Extract, verbatim, all lines starting at the one containing "相信爱情,也清晰爱情婚姻背后" and ending with the final line of the listing, and no others.

◆ ◆ ◆

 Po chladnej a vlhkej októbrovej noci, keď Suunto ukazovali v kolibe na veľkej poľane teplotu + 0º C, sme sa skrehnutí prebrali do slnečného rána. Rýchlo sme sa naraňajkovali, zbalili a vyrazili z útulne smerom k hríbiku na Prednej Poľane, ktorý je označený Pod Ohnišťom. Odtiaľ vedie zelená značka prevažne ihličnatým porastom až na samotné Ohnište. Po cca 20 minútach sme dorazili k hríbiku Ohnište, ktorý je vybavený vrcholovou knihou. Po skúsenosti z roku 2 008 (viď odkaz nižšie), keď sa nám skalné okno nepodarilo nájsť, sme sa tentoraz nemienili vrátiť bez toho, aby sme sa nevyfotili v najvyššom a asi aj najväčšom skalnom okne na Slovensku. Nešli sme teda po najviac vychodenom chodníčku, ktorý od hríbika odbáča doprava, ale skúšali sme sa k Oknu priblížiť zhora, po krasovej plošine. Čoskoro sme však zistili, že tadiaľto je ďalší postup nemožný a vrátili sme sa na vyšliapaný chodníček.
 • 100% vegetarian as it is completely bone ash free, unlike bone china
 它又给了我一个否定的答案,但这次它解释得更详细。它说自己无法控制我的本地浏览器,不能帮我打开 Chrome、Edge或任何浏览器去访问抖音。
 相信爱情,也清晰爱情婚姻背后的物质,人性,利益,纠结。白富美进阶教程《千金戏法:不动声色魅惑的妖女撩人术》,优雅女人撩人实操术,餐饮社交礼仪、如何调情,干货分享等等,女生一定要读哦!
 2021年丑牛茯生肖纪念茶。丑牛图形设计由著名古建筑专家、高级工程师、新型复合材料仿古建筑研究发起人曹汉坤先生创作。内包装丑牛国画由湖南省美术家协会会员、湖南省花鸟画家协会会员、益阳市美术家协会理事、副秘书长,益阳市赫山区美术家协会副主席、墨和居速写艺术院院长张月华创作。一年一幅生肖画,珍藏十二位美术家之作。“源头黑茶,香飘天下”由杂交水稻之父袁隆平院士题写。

◆ ◆ ◆

• Your response:
 相信爱情,也清晰爱情婚姻背后的物质,人性,利益,纠结。白富美进阶教程《千金戏法:不动声色魅惑的妖女撩人术》,优雅女人撩人实操术,餐饮社交礼仪、如何调情,干货分享等等,女生一定要读哦!
 2021年丑牛茯生肖纪念茶。丑牛图形设计由著名古建筑专家、高级工程师、新型复合材料仿古建筑研究发起人曹汉坤先生创作。内包装丑牛国画由湖南省美术家协会会员、湖南省花鸟画家协会会员、益阳市美术家协会理事、副秘书长,益阳市赫山区美术家协会副主席、墨和居速写艺术院院长张月华创作。一年一幅生肖画,珍藏十二位美术家之作。“源头黑茶,香飘天下”由杂交水稻之父袁隆平院士题写。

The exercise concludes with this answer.